Фиске пожал плечами.
— Будучи копом, я тратил все свое время и силы, чтобы убрать преступников с улиц. Теперь зарабатываю на жизнь тем, что их защищаю. И, говоря по правде, начинаю им сочувствовать.
— Никогда не слышала такого признания от копа.
— Неужели? И скольких копов вы знаете?
— Я люблю скорость, и у меня куча штрафов за превышение. — Сара насмешливо улыбнулась. — А если серьезно, почему вы решили так кардинально сменить поле деятельности?
Джон задумчиво повертел в руках нож.
— Я арестовал одного парня с целым кирпичом кокаина. Он работал посредником у торговцев наркотиками, перевозил товар из пункта А в пункт Б. У меня имелась другая причина его остановить и обыскать его машину, и я нашел кокаин. Так вот, этот парень со словарным запасом первоклассника сказал мне, что думал, будто везет кусок сыра. — Фиске посмотрел Саре в глаза. — Вы можете такое представить? Лучше б он заявил, что не знал, как кокс к нему попал. Тогда его адвокат, по крайней мере, мог бы говорить о разумных основаниях для сомнений при предъявлении обвинения в хранении. И попытаться убедить судей, что человек, который выглядит, ведет себя и разговаривает как настоящий отброс, на самом деле думал, что несчастье и страдание их детей стоимостью в десять тысяч баксов — всего лишь кусок швейцарского сыра… — Он покачал головой. — Можно упечь десять таких уродов в тюрьму, только вот на их место будет сотня новых претендентов. Им больше некуда идти. Если б было, они не остались бы на улицах.
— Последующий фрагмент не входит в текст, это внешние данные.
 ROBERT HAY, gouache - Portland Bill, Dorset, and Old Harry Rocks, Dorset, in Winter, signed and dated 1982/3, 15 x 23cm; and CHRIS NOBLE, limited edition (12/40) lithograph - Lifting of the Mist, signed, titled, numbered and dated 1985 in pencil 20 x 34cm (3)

Проблема в том, что, если не дать людям надежду, им становится все равно, что они делают с собой и другими.
Сара улыбнулась.
— Что тут смешного? — спросил он.
— Вы очень похожи на вашего брата.
Фиске замолчал и провел рукой по мокрому пятну от стакана на столе.
— Вы много времени проводили с Майком?
— Да, довольно много.
— И вне работы?
— Мы ходили в бары, ужинали вместе, просто гуляли. — Сара сделала глоток из своего стакана и улыбнулась. — Меня никогда раньше не допрашивали.
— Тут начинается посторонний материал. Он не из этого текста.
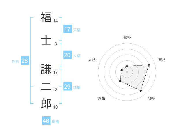福士 謙二郎さんを姓名の画数から五運を鑑定

— Допросы иногда бывают очень болезненными.
— Правда?
— Да. Например, как сейчас: что-то подсказывает мне, что смерть Майка не слишком сильно вас удивила. Я прав?
Сара мгновенно стала серьезной.
— Нет, она привела меня в ужас.
— Ужас — да. А как насчет удивления?
Около их столика остановилась официантка и спросила, принести ли им десерт и кофе. Фиске попросил счет.
Они вернулись в машину и направились в сторону округа Колумбия. Начался мелкий дождь — октябрь здесь был странным и переменчивым, и жаркие дни сменялись холодными или, наоборот, приятными в любой отрезок времени. Сейчас стояла жаркая и сырая погода, и Сара включила кондиционер на полную мощность.
Фиске выжидательно посмотрел на нее, она поймала его взгляд, тяжело вздохнула и медленно заговорила:
— В последнее время Майкл действительно казался каким-то нервным и рассеянным.
— Это было необычно?
— Мы уже шесть недель занимаемся расшифровкой стенограмм. Все страшно нервничают, легко выходят из себя и раздражаются, но Майкл великолепно себя чувствовал.
— Вы думаете, это как-то связано с судом?
— У Майкла не было особой жизни за его пределами.
— Если не считать вас?
Сара наградила его пронзительным взглядом, но промолчала.
— Вам предстоит разбирать какие-нибудь серьезные и противоречивые дела? — спросил Джон.
— У нас все дела такие.
— Но он не поделился с вами никакими подробностями?
Глядя прямо перед собой, она снова промолчала.
— Все, что вы можете рассказать мне, поможет, Сара.
Она слегка сбросила скорость.
— Ваш брат был забавным человеком. Вы знали, что на рассвете он заходил в почтовую комнату для клерков, чтобы первым найти интересное дело?
— Меня это не удивляет. Он никогда ничего не делал наполовину. А как обычно обрабатываются ходатайства?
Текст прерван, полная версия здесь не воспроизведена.